Todos prontamente estacionaram, obedientes. – Você pode me seguir, Ceres! – Sim, senhor!

E ambos foram recebidos pela Pítia. – O que querem do deus Sol, senhores? – Sou de Atenas… – Sim, eu sei, Egeu – interrompeu-o a vidente –, e sei que és o soberano, o senhor absoluto de Atenas! – Então, sabe que eu sou um necessitado, um miserável, que precisa de ajuda… – Sim, eu sei algumas coisas, mas tu deves falar, confessar suas necessidades, senhor de Atenas! – esclareceu a mulher.

– Pois bem, vim aqui para pedir, ou melhor, consultar Apolo, o magnânimo deus, para saber se terei um filho homem, eu, que só tenho meninas… – desabafou o monarca.

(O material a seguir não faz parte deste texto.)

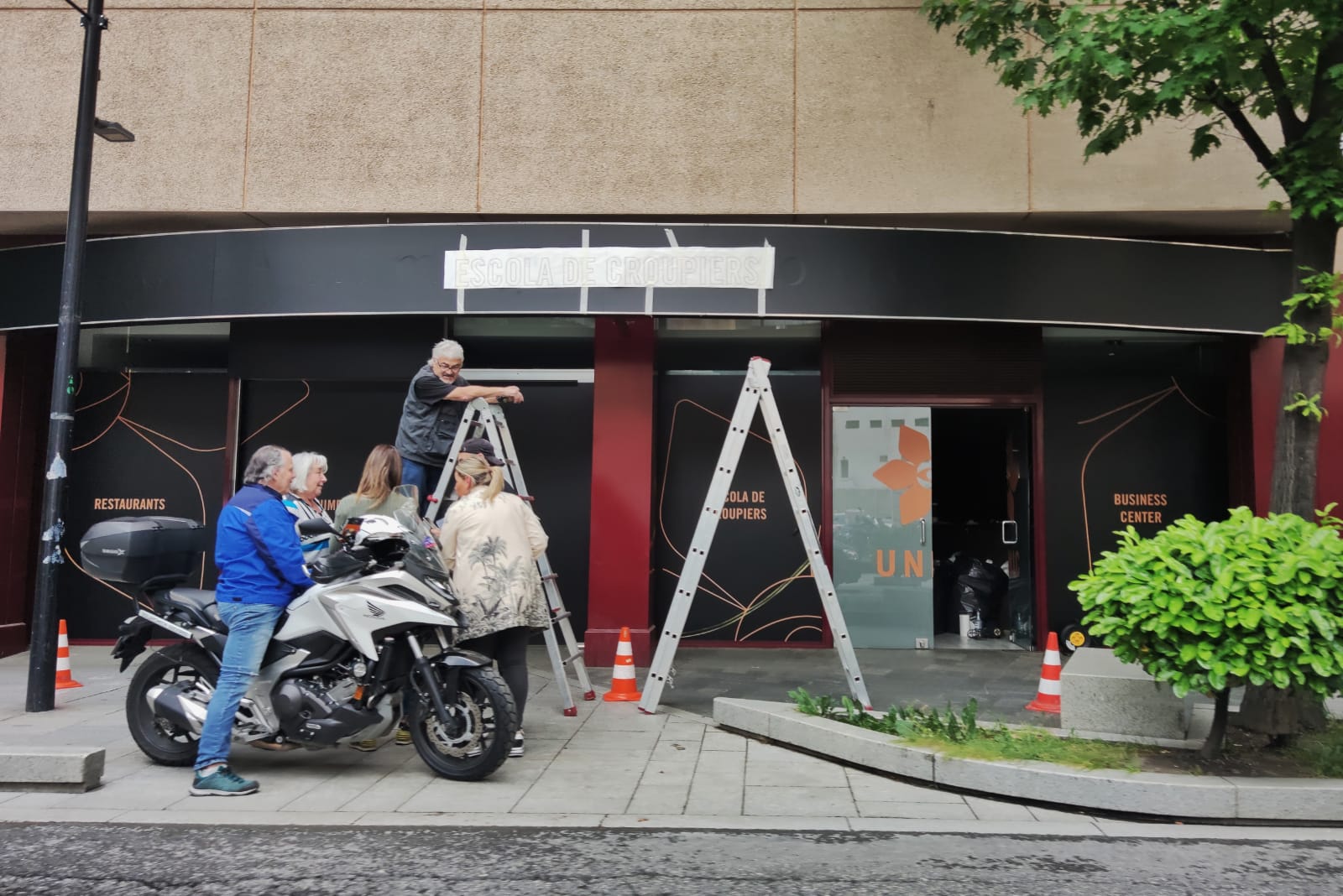 Ja fa uns dies que hi tornava a haver moviment a l'interior del local. I des d'avui ja es pot veure als vidres que feien abans d'aparadors el logotip d'Unnic i els vínils amb els rètols en els quals es pot llegir: Escola de croupiers, Bussines Center i Restaurant.

A Pítia achou graça. A mulher sorriu em transe, soltou uma gargalhada, assustando Egeu e Ceres, que se entreolharam e recuaram. Os outros homens, na suspeita de algo pior, avançaram resolutos. – O que devemos fazer, senhor?! – perguntaram. – Sosseguem, ela está em comunicação com a divindade! – acalmou-os Egeu.

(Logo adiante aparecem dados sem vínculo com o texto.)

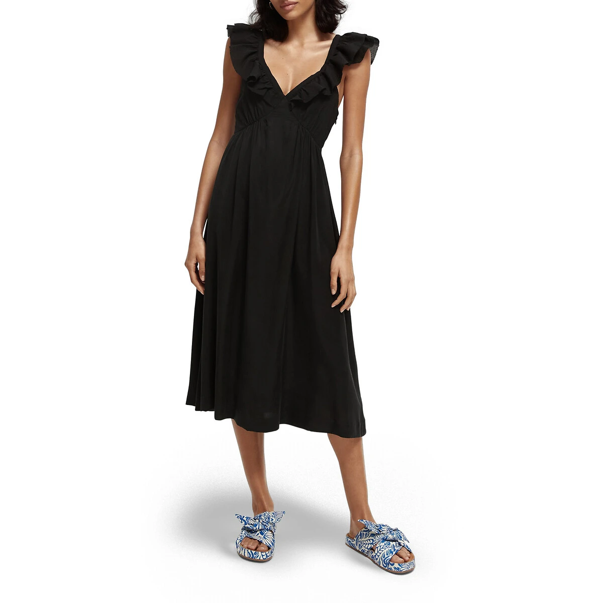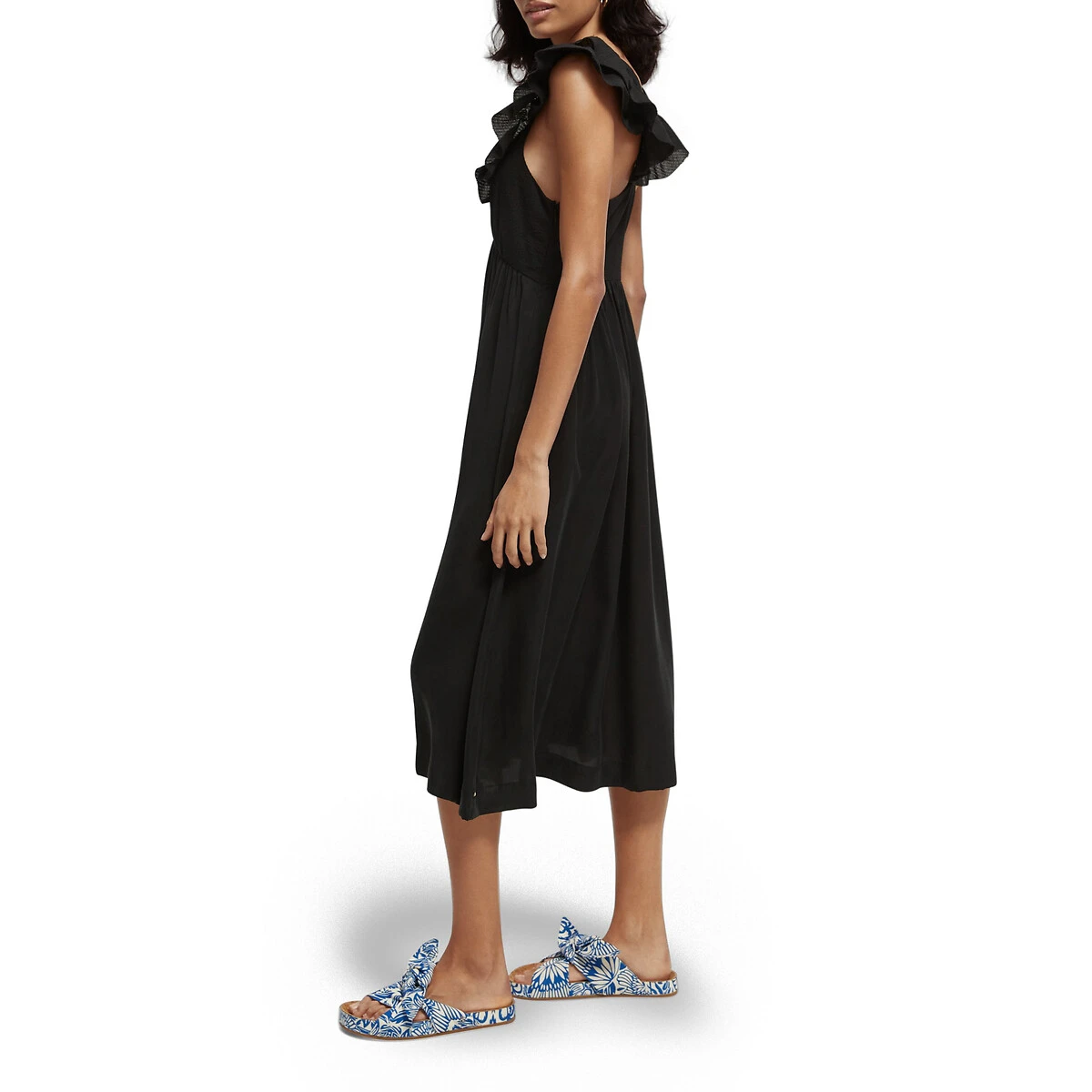 Robe longue volanté à bretelles noir SCOTCH AND SODA

Em um período curto de tempo, a mulher tomou uma atitude patética: balançava a cabeça de um lado para o outro, revirava os olhos e sua voz assumiu uma entonação grave. Subitamente, quedou-se estática e assim permaneceu.

Egeu aproximou-se, temeroso, mas venceu-se, tocando-a enquanto dizia: – Senhora, senhora, o que devo fazer?

A Pítia despertou, segurou-lhe o braço e, com os olhos arregalados, enquanto a boca abria-se vertiginosamente, várias vezes, todos ouviram como num som surdo e prolongado as palavras certas: – Não desates a boca do odre antes de chegar a Atenas!

E assim, ainda proferindo, tombou, inerme, sendo ajudada por outros soldados que a reconduziram ao interior do templo para ser tratada.

Assustados, Egeu e Ceres sentaram-se nos bancos do átrio sem conseguirem entender o enigma declarado. – Você entendeu, filho? – quis saber Egeu. – Não, meu senhor.

E os dois ficaram cogitando o enigma pronunciado e como sabiamente decifrá-lo.